§ **Data in this exercise**:
-=-=-

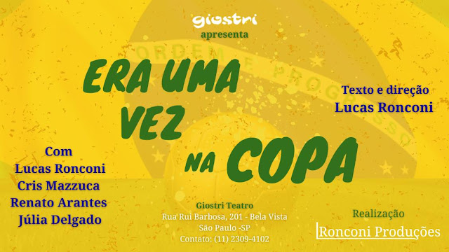 O ator Lucas Ronconi atua, dirige e produz peça de sua própria autoria que estreia dia 08 de dezembro no Giostri Teatro em curta temporada. O espetáculo fala sobre a Copa do Mundo.
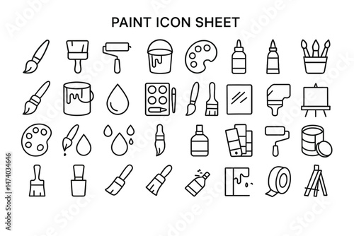 Creative Canvas: A vibrant collection of meticulously crafted paint icons, artfully arranged to symbolize the essence of painting and artistic creation.
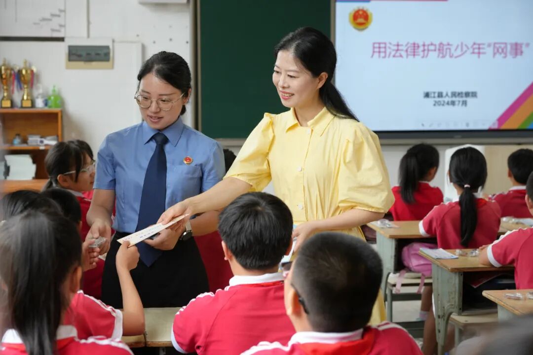 2024年7月1日,祝响响代表和浦江县检察院检察官一起为该县小学生上法治课,引导学生暑期安全用网。
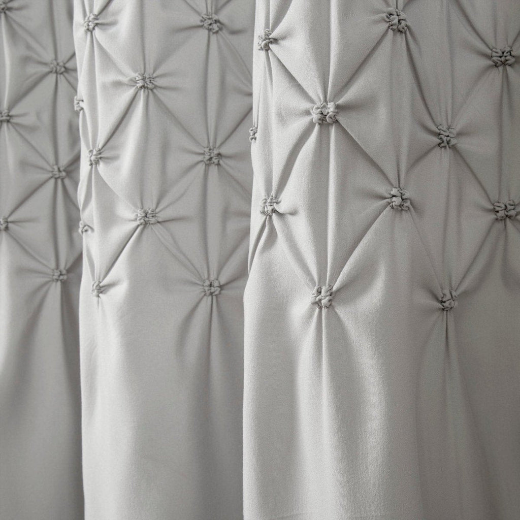 This uniquely stylish shower curtain features pin tucking and elastic embroidery across the top, giving it an elegant beaded look. The embellishments add texture to your bathroom without overdoing it, making this Bayview Shower Curtain perfect for fans of minimalist decor.
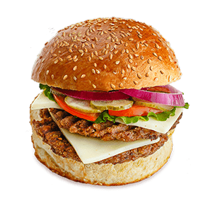 Булочка с кунжутом, соус гриль, фиолетовый лук, салатный лист, 2 говяжьих котлеты, томаты, огурчики, сыр
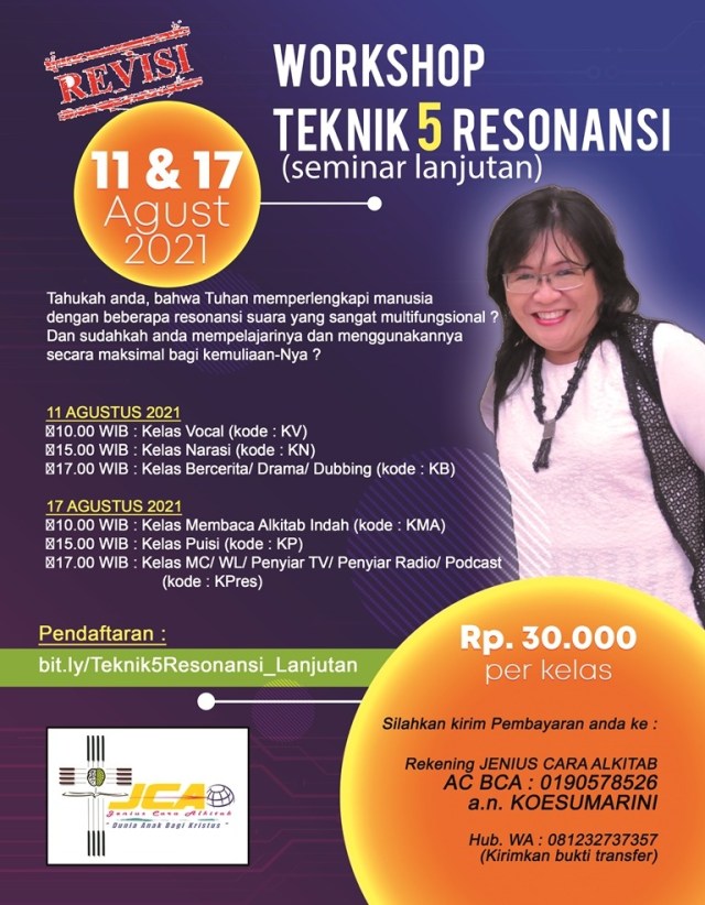 Acara ini mengalami perubahan tanggal terhubung dengan perubahan tanggal merah, jadi pada flyer terdahulu tertera pelaksanaan tanggal 10 dan 17 Agustus 2021, namun telah diralat menjadi pelaksanaan pada tanggal 11 dan 17 Agustus 2021. Mohon perhatiannya.

-=-=-

§ **Work instruction**: When you copy the listing, keep every line exactly as it is but leave out all images.

§ **Response to this task**:
 O ator Lucas Ronconi atua, dirige e produz peça de sua própria autoria que estreia dia 08 de dezembro no Giostri Teatro em curta temporada. O espetáculo fala sobre a Copa do Mundo.
 Creative Canvas: A vibrant collection of meticulously crafted paint icons, artfully arranged to symbolize the essence of painting and artistic creation.
 2024年7月1日,祝响响代表和浦江县检察院检察官一起为该县小学生上法治课,引导学生暑期安全用网。
 This uniquely stylish shower curtain features pin tucking and elastic embroidery across the top, giving it an elegant beaded look. The embellishments add texture to your bathroom without overdoing it, making this Bayview Shower Curtain perfect for fans of minimalist decor.
 Булочка с кунжутом, соус гриль, фиолетовый лук, салатный лист, 2 говяжьих котлеты, томаты, огурчики, сыр
 Acara ini mengalami perubahan tanggal terhubung dengan perubahan tanggal merah, jadi pada flyer terdahulu tertera pelaksanaan tanggal 10 dan 17 Agustus 2021, namun telah diralat menjadi pelaksanaan pada tanggal 11 dan 17 Agustus 2021. Mohon perhatiannya.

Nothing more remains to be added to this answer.